Rome, 9 November 2011 – The Jesuit Refugee Service expresses concern about the forthcoming review of the Convention on Conventional Weapons (CCW). If the current protocol on cluster munitions is approved, it would sanction continued use of cluster munitions proven to cause unacceptable harm to civilians.

JRS urges states to engage in the crucial negotiations during the upcoming fourth Review Conference in Geneva from 14–25 November and to uphold the standards established by the Convention on Cluster Munitions. States that are committed to rid the world of the humanitarian harm caused by cluster bombs should not support the draft text.

Stigmatising the use of a weapon through the absolute prohibitions of the Convention on Cluster Munitions is a much more powerful tool for influencing the behaviour of non-state parties than the weak and permissive legal regulations currently negotiated under the CCW.

JRS supports the views expressed by the Cluster Munition Coalition that this proposed protocol would cause more humanitarian harm than good.
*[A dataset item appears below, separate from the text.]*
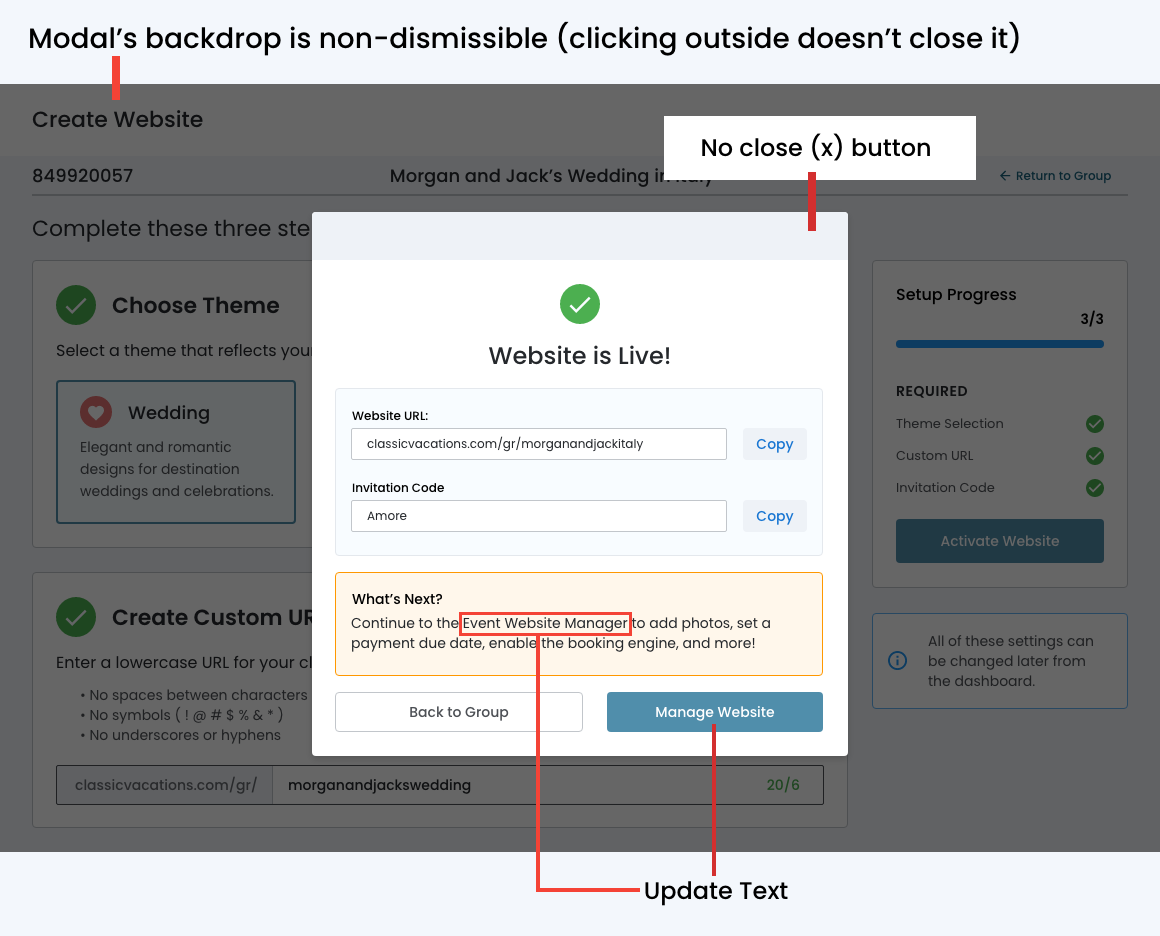 Creates a sense of accomplishment while providing clear direction for what comes next. Balances celebration with practicality, giving users immediate access to the key information they need to share their website.

In the words of the CMC, it could lead to an increase in the use and production of cluster munitions and therefore pose an even greater humanitarian danger from cluster bombs than the status quo.

State parties should use the opportunity of the Review Conference to promote the norms of the Convention on Cluster Munitions and its universalisation. The 2008 Convention on Cluster Munitions is the standard by which all states should be judged and all states should take steps towards its comprehensive ban on cluster munitions.

The protocol text is weak and, riddled with loopholes. For instance, it proposes only to ban pre-1980 cluster munitions. By the time the CCW is adopted and enters into force, these weapons are likely to be over 40 years old and put out of service by armies regardless of any CCW regulation.

Further, the text legally permits states to use cluster munitions with a so-called failure rate of one percent or less. Negotiations for the Oslo Convention showed that actual failure rates in combat situations are higher, as high as 15 percent than claimed failure rates based on testing.

Whilst the stated aim of introducing a protocol on cluster munitions within the CCW is to address the "urgency" of the humanitarian danger caused by cluster munitions, the draft text contains a lengthy transition period that would enable compliance to be deferred for at least 12 years, permitting states for over a decade to use the certain types of cluster munitions which that have been demonstrated to cause unacceptable humanitarian problems.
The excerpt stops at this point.